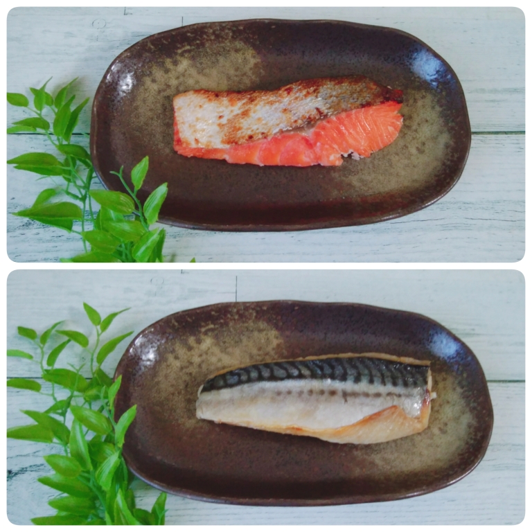 サバの塩焼き2P、鮭の塩こうじ焼き2P届きました。
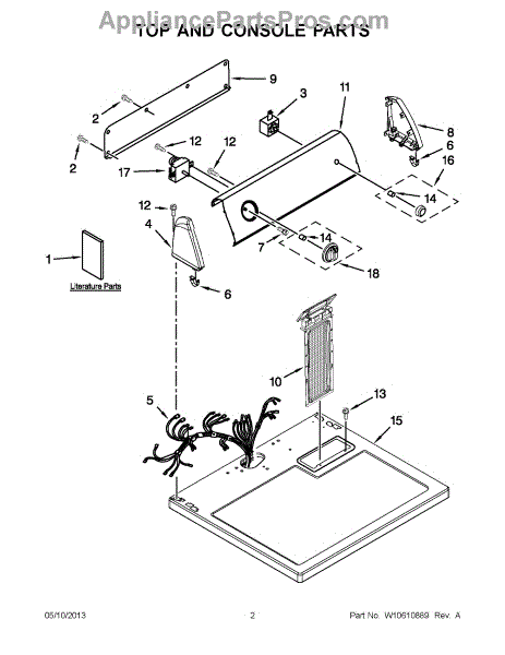 The Console Clip is an OEM part compatible with Whirlpool dryers. This clip secures the control console assembly to the top panel, ensuring it is firmly mounted during operation. Properly functioning clips are necessary to maintain the correct alignment of controls and prevent detachment.
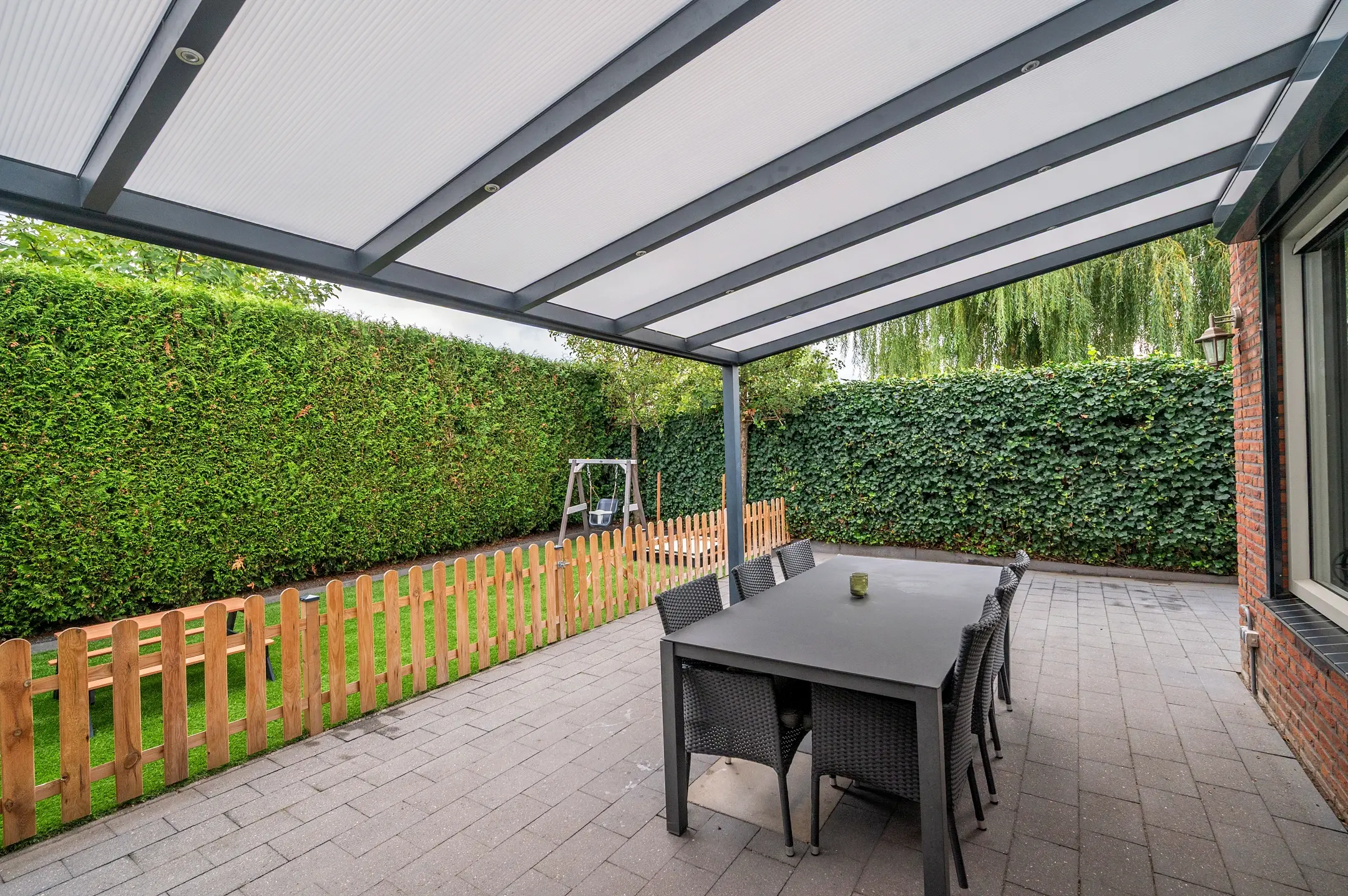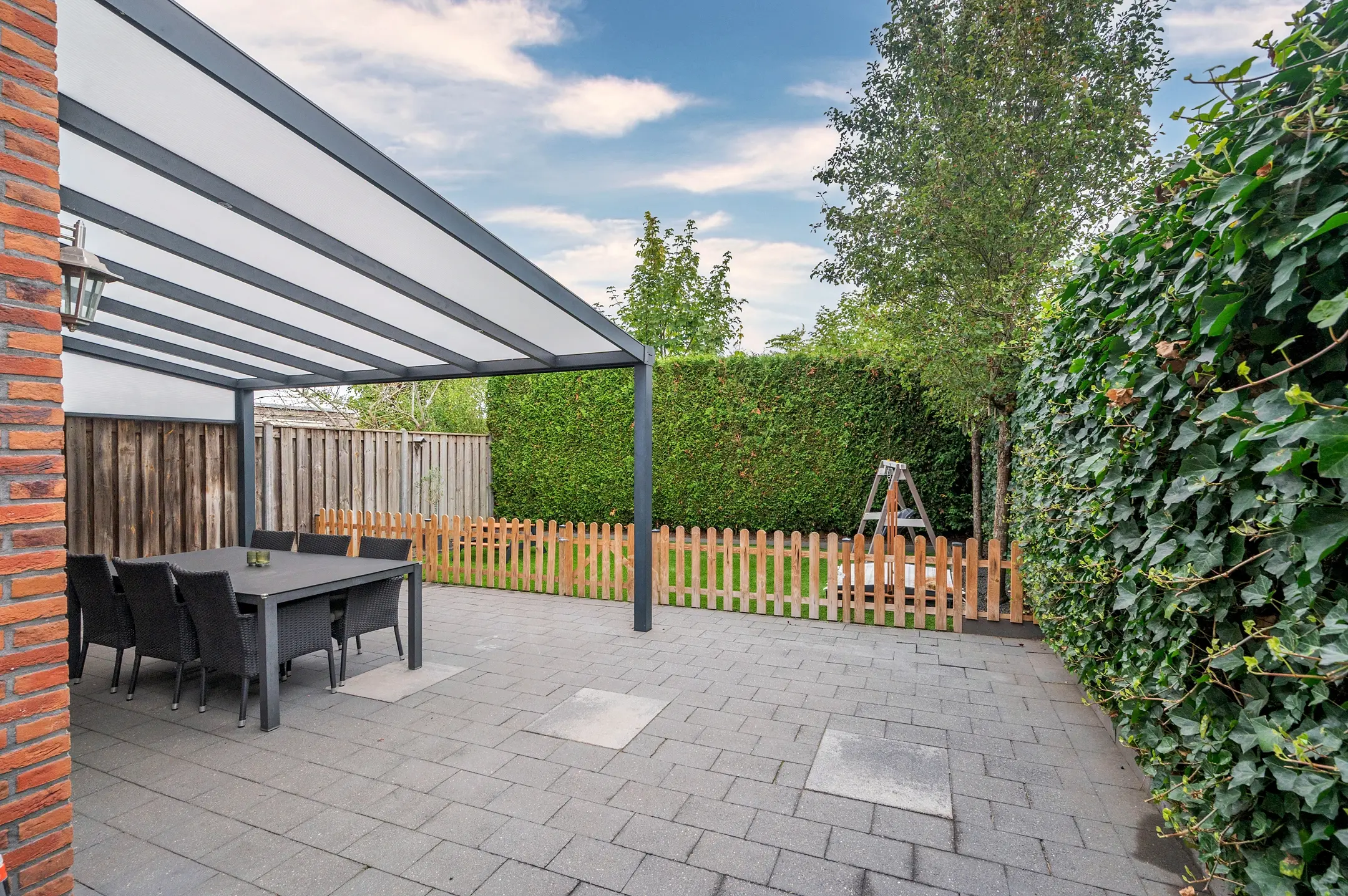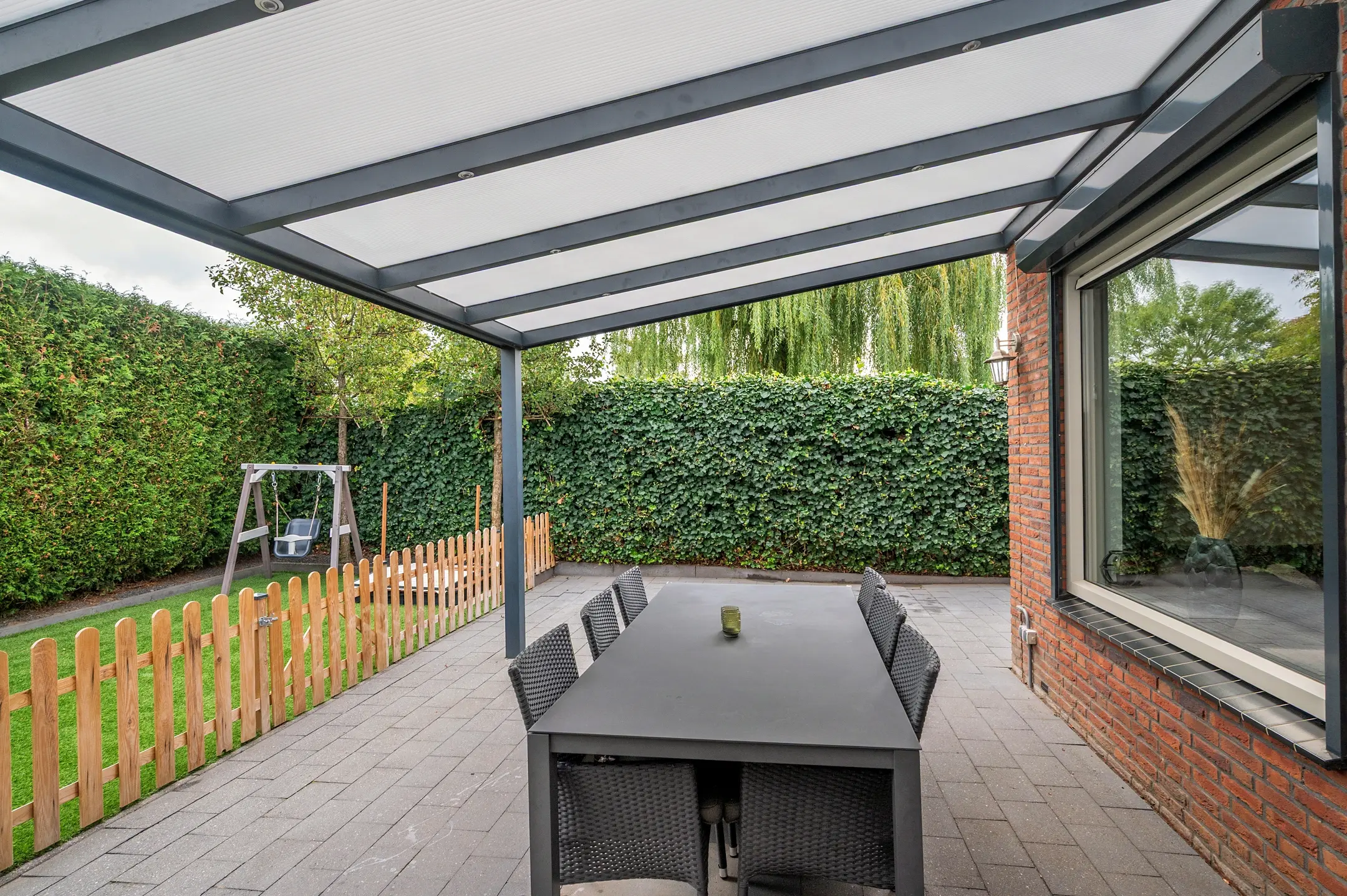 De achtertuin ligt op het noordoosten en biedt volop privacy. Onder de gecoate aluminium overkapping met geïntegreerde verlichting geniet je het hele jaar door van het buitenleven – van lange zomeravonden tot knusse herfstmiddagen.

## Prompt
Could you retype each line of the material above exactly, skipping the pictures?

## Task result
 サバの塩焼き2P、鮭の塩こうじ焼き2P届きました。
 The Console Clip is an OEM part compatible with Whirlpool dryers. This clip secures the control console assembly to the top panel, ensuring it is firmly mounted during operation. Properly functioning clips are necessary to maintain the correct alignment of controls and prevent detachment.
 De achtertuin ligt op het noordoosten en biedt volop privacy. Onder de gecoate aluminium overkapping met geïntegreerde verlichting geniet je het hele jaar door van het buitenleven – van lange zomeravonden tot knusse herfstmiddagen.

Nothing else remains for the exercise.